Re: [PATCH v14 4/6] soc: qcom: rpmh: Invoke rpmh_flush() for dirty caches

From: Doug Anderson
Date: Thu Mar 26 2020 - 17:19:15 EST


Hi,

On Thu, Mar 26, 2020 at 10:38 AM Maulik Shah <mkshah@xxxxxxxxxxxxxx> wrote:
>
> Add changes to invoke rpmh flush() from cpu pm notification.
> This is done when last cpu is entering power collapse and

s/when last/when the last/

> controller is not busy.

A few overall comments:

* CPU_PM certainly seems interesting and I wasn't aware of it.

* Your series is predicated on nobody calling any of the RPMH
functions after the last CPU enters low power mode with CPU_PM_ENTER
and before some CPU calls CPU_PM_EXIT. Is it worth adding a check for
that to the code? This is super important for the 'zero-active-TCS'
case but even for the 'some-active-TCS' it's still important that
nobody tries to update the sleep/wake values after you flush.

* I think your series is focused on idle, right? What about
suspend/resume? You need a flush before suspend, right? Do you need
to register for something to handle suspend, or do the pm callbacks
all get called for full system suspend? If so, how late do they get
called?


> Controller that do have 'HW solver' mode do not need to register

s/Controller/Controllers


> @@ -85,22 +85,30 @@ struct rpmh_ctrlr {
> * Resource State Coordinator controller (RSC)
> *
> * @name: controller identifier
> + * @base: start address of the RSC's DRV registers
> * @tcs_base: start address of the TCS registers in this controller
> * @id: instance id in the controller (Direct Resource Voter)
> * @num_tcs: number of TCSes in this DRV
> + * @rsc_pm: CPU PM notifier for controller
> + * @cpus_in_pc: CPU mask for cpus in idle power collapse

Name "cpus_entered_pm" to match Linux naming? Also the comment should
clearly say that this is only used in non-solver mode.


> * @tcs: TCS groups
> * @tcs_in_use: s/w state of the TCS
> * @lock: synchronize state of the controller
> + * @pm_lock: synchronize during PM notifications

Comment should say that this is only for non-solver mode.


> @@ -521,6 +527,71 @@ int rpmh_rsc_write_ctrl_data(struct rsc_drv *drv, const struct tcs_request *msg)
> return tcs_ctrl_write(drv, msg);
> }
>
> +/**
> + * rpmh_rsc_ctrlr_is_busy: Check if any of the AMCs are busy.
> + *
> + * @drv: The controller
> + *
> + * Returns True if the TCSes are engaged in handling requests, False otherwise.

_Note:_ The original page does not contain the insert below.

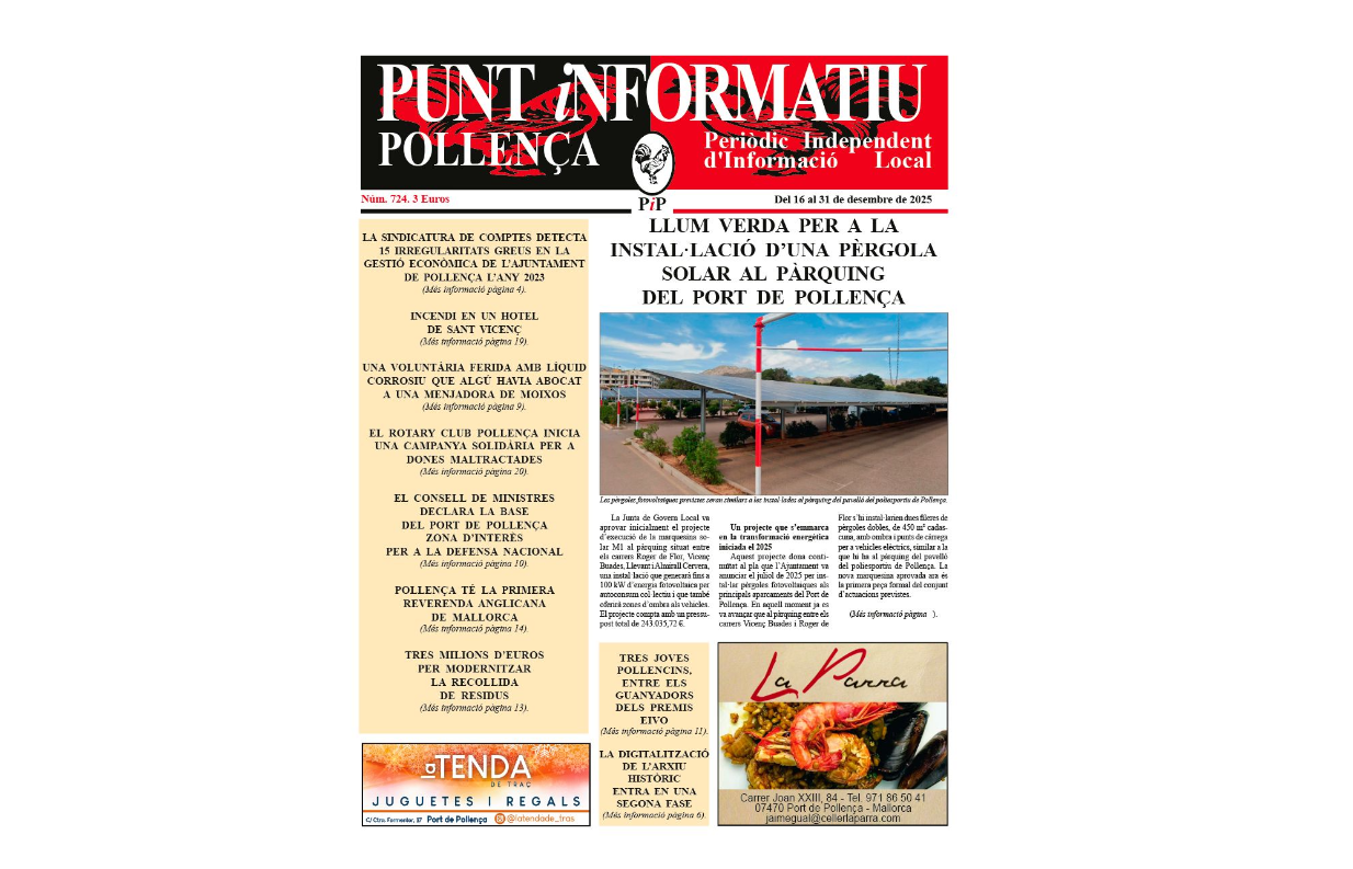 Al Punt informatiu 724, corresponent a la segona quinzena de 2025, es destaca que s’ha donat llum verda per a la instal·lació d’una pèrgola solar al pàrquing del Port de Pollença. A més a més, també s’apunta que la sindicatura de comptes detecta 15 irregularitats greus de l’ajuntament de Pollença l’any 2023, hi va haver un incendi en un hotel de Sant Vicenç, que una voluntària resultà ferida amb el líquid corrosiu que algú havia abocat en una menjadora de moixos, que el Rotary Club Pollença inicia una campaya solidària per a dones maltractades, que el Consell de Ministres delcara la Base del Port de Pollença zona d’interès per a la defensa nacional, que Pollença té la primera reverenda anglicana de Mallroca i que es destinen tres milions d’euros per modernitzar la recollida de residus.

This is almost, but not quite in kernel-doc syntax. Why not make it
match the example in "Documentation/doc-guide/kernel-doc.rst"?
Specifically trying to follow that style:

* rpmh_rsc_ctrlr_is_busy() - Check if any of the AMCs are busy.
* @drv: The controller
*
* Return: true if TCSes are engaged in handling requests; else false


> +static bool rpmh_rsc_ctrlr_is_busy(struct rsc_drv *drv)
> +{
> + int m;
> + struct tcs_group *tcs = get_tcs_of_type(drv, ACTIVE_TCS);
> +
> + /**

nit: why double star in "/**"? That's for kerneldoc comments. I
don't think it makes sense here...


> + * If we made an active request on a RSC that does not have a
> + * dedicated TCS for active state use, then re-purposed wake TCSes
> + * should be checked for not busy
> + */
> + if (!tcs->num_tcs)
> + tcs = get_tcs_of_type(drv, WAKE_TCS);
> +
> + for (m = tcs->offset; m < tcs->offset + tcs->num_tcs; m++) {
> + if (!tcs_is_free(drv, m))

As per my documentation patch, tcs_is_free():

* Must be called with the drv->lock held or the tcs_lock for the TCS being
* tested.

...I think you're OK calling without the lock since you're running on
the last CPU (and you're blocking any other CPUs from coming online)
and interrupts are disabled, but please document.


> +static int rpmh_rsc_cpu_pm_callback(struct notifier_block *nfb,
> + unsigned long action, void *v)
> +{
> + struct rsc_drv *drv = container_of(nfb, struct rsc_drv, rsc_pm);
> + unsigned long flags;
> + int ret = NOTIFY_OK;
> +
> + spin_lock_irqsave(&drv->pm_lock, flags);

nit: you can get away with just spin_lock(). cpu_pm_enter() is
documented to be called with interrupts already disabled so the
"irqsave" and "irqrestore" is useless.


> + switch (action) {
> + case CPU_PM_ENTER:
> + cpumask_set_cpu(raw_smp_processor_id(), &drv->cpus_in_pc);
> +
> + if (!cpumask_equal(&drv->cpus_in_pc, cpu_online_mask))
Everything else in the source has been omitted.